Удивительными для математиков были также способности Рунге к технике. Когда братья Райт совершили свой первый полёт, он построил из клочков бумаги модель их аэроплана и, утяжелив её иголками, дал ей спланировать на землю. Таким способом он довольно точно оценил мощность мотора, детали которого составляли до сих пор тайну.

Ко времени приезда Рунге в Гёттинген научный состав факультета, тесно связанный с математиками, был также впечатляющим. Из физиков были Эдуард Рике и Вольдемар Фогт. Главой Института прикладной электротехники был Х. Т. Симон; Людвиг Прандтль возглавлял Институт прикладной механики, Эмиль Вихерт — Институт геофизики. Карл Шварцшильд был профессором астрономии.

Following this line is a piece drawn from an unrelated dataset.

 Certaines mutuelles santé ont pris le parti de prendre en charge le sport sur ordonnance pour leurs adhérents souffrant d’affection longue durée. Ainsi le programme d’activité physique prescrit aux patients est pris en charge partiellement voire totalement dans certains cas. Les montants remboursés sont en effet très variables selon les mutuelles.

Однако благотворная обстановка в Гёттингене была обязана не только обществу этих великих людей.

Отто Блюменталь, известный до конца своей жизни как «старейший ученик Гильберта», был очень близок к профессорам, хотя и был в то время лишь приват-доцентом. Это был добрый, общительный молодой человек, любивший пошутить, читавший и разговаривавший на многих языках, интересовавшийся литературой, историей и теологией в той же степени, как математикой и физикой. Еврей по происхождению, он со временем стал христианином и часто говорил «мы, протестанты».

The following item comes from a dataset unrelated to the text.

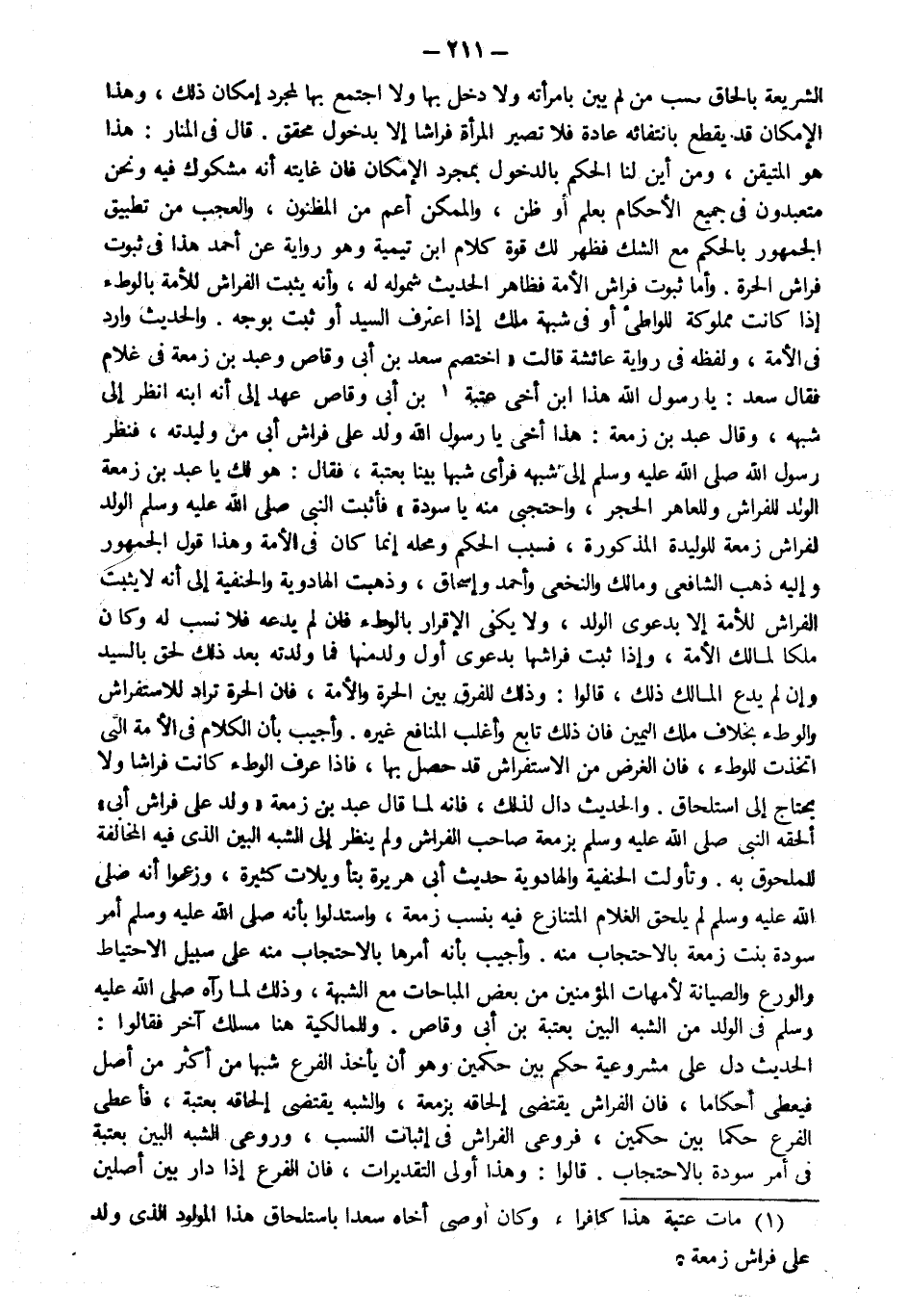 الشريعة بإلحاق نسب من لم يبن بامرأته ولا دخل بها ولا اجتمع بها لمجرد إمكان ذلك وهذا الإمكان قد يقطع بانتفائه عادة فلا تصير المرأة فراشا إلا بدخول محقق قال في المنار هذا هو المتيقن ومن أين لنا الحكم بالدخول بمجرد الامكان فإن غايته أنه مشكوك فيه ونحن متعبدون في جميع الأحكام بعلم أو ظن والممكن أعم من المظنون والعجب من تطبيق الجمهور بالحكم مع الشك فظهر لك قوة كلام ابن تيمية وهو رواية عن أحمد هذا في ثبوت فراش الحرة وأما ثبوت فراش الأمة فظاهر الحديث شموله له وأنه يثبت الفراش للأمة بالوطء إذا كانت مملوكة للوطىء أو في شبهة ملك إذا اعترف السيد أو ثبت بوجه والحديث وارد في الأمة ولفظه في رواية عائشة قالت اختصم سعد بن أبي وقاص وعبد بن زمعة في غلام فقال سعد يا رسول الله هذا ابن أخي عتبة بن أبي وقاص عهد إلي أنه ابنه انظر إلى شبهه وقال عبد بن زمعة هذا أخي يا رسول الله ولد على فراش أبي من وليدته فنظر رسول الله صلى الله عليه وسلم إلى شبهه فرأى شبها بينا بعتبة فقال: "هو لك يا عبد بن زمعة الولد للفراش وللعاهر الحجر واحتجبي منه يا سودة" فأثبت النبي صلى الله عليه وسلم الولد لفراش زمعة للوليدة المذكورة فسبب الحكم ومحله إنما كان في الأمة وهذا قول الجمهور وإليه ذهب الشافعي ومالك والنخعي وأحمد وإسحاق وذهبت الهادوية والحنفية إلى أنه لا يثبت الفراش للأمة إلا بدعوى الولد ولا يكفي الإقرار بالوطء فإن لم يدعه فلا نسب له وكان ملكا لمالك الأمة وإذا ثبت فراشها بدعوى أول ولد منها فما ولدته بعد ذلك لحق بالسيد وإن لم يدع المالك ذلك قالوا وذلك للفرق بين الحرة والأمة فإن الحرة تراد للاستفراش والوطء بخلاف ملك اليمين فإن ذلك تابع وأغلب المنافع غيره وأجيب بأن الكلام في الأمة التي اتخذت للوطء فإن الغرض من الاستفراش قد حصل بها فإذا عرف الوطء كانت فراشا ولا يحتاج إلى استلحاق والحديث دال لذلك فإنه لما قال عبد بن زمعة ولد على فراش أبي ألحقه النبي صلى الله عليه وسلم بزمعة صاحب الفراش ولم ينظر إلى الشبه البين الذي فيه المخالفة للملحوق به وتأولت الحنفية والهادوية حديث أبي هريرة بتأويلات كثيرة وزعموا أنه صلى الله عليه وسلم لم يلحق الغلام المتنازع فيه بنسب زمعة واستدلوا بأنه صلى الله عليه وسلم أمر سودة بنت زمعة بالاحتجاب منه وأجيب بأنه أمرها بالاحتجاب منه على سبيل الاحتياط والورع والصيانة لأمهات المؤمنين من بعض المباحات مع الشبهة وذلك لما رآه صلى الله عليه وسلم في الولد من الشبه بعتبة بن أبي وقاص وللمالكية هنا مسلك آخر فقالوا الحديث دل على مشروعية حكم بين حكمين وهو أن يأخذ الفرع شبها من أكثر من أصل فيعطي أحكاما فإن الفراش يقتضي إلحاقه بزمعة والشبه يقتضي إلحاقه بعتبة فأعطى الفرع حكما بين حكمين فروعي الفراش في إثبات النسب وروعي الشبه البين بعتبة في أمر سودة بالاحتجاب قالوا وهذا أولى التقديرات فإن الفرع إذا دار بين أصلين

Необычно тесное сотрудничество между доцентами и профессорами иллюстрируется тем фактом, что, когда Блюменталь и другой доцент, Эрнст Цермело, решили прочитать несколько пробных лекций по элементарной арифметике, Гильберт и Минковский, чтобы привлечь внимание к ним, регулярно стали их посещать.

Цермело был несколько старше Блюменталя, нервный, любящий уединение человек, который предпочитал виски любой компании. В то время, незадолго до экспедиции Пири, ему нравилось доказывать невозможность достижения Северного полюса. Он утверждал, что количество виски, требуемое для достижения некоторой широты, пропорционально тангенсу этой широты, тем самым оно стремится к бесконечности при приближении к полюсу. Когда приезжавшие в Гёттинген математики задавали ему вопрос о его фамилии, то он отвечал им: «Когда-то она звучала как Walzermelodie 4, но затем пришлось убрать первый и последний слоги».

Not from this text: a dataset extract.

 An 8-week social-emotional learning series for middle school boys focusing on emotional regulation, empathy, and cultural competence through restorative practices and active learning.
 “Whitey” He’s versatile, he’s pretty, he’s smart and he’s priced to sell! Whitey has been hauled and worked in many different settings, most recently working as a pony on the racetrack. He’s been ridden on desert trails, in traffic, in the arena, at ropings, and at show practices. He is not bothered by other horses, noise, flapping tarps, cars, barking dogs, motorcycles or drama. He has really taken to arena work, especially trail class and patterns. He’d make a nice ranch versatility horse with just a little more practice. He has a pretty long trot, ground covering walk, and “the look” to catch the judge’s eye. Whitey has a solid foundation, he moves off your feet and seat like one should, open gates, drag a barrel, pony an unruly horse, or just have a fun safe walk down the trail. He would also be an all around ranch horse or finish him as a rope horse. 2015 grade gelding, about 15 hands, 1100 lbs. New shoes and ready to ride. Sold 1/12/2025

Именно Цермело незадолго до этого указал Гильберту на досадный парадокс в теории множеств, на него же указал Готлобу Фреге молодой английский логик Бертран Рассел, причём как раз тогда, когда Фреге собрался послать в печать свой окончательный труд по основаниям арифметики. Этот парадокс — противоречие, полученное в результате рассуждений, основанных на правилах логики, принятых математиками и всеми людьми с времен Аристотеля, — имел дело с признаваемым всеми фактом, что некоторые множества, в отличие от других, являются элементами самих себя. Например, множество всех множеств, состоящих из более чем трёх элементов, принадлежит самому себе, так как оно содержит больше трёх элементов. С другой стороны, множество всех чисел не является элементом самого себя, так как оно не есть число. Теперь же Цермело и Рассел, независимо друг от друга, подняли вопрос о множестве всех множеств, не являющихся элементами самих себя. Так как элементами этого множества служат множества, которые не содержат себя в качестве своих элементов, то оно является элементом самого себя тогда и только тогда, когда оно не является элементом самого себя.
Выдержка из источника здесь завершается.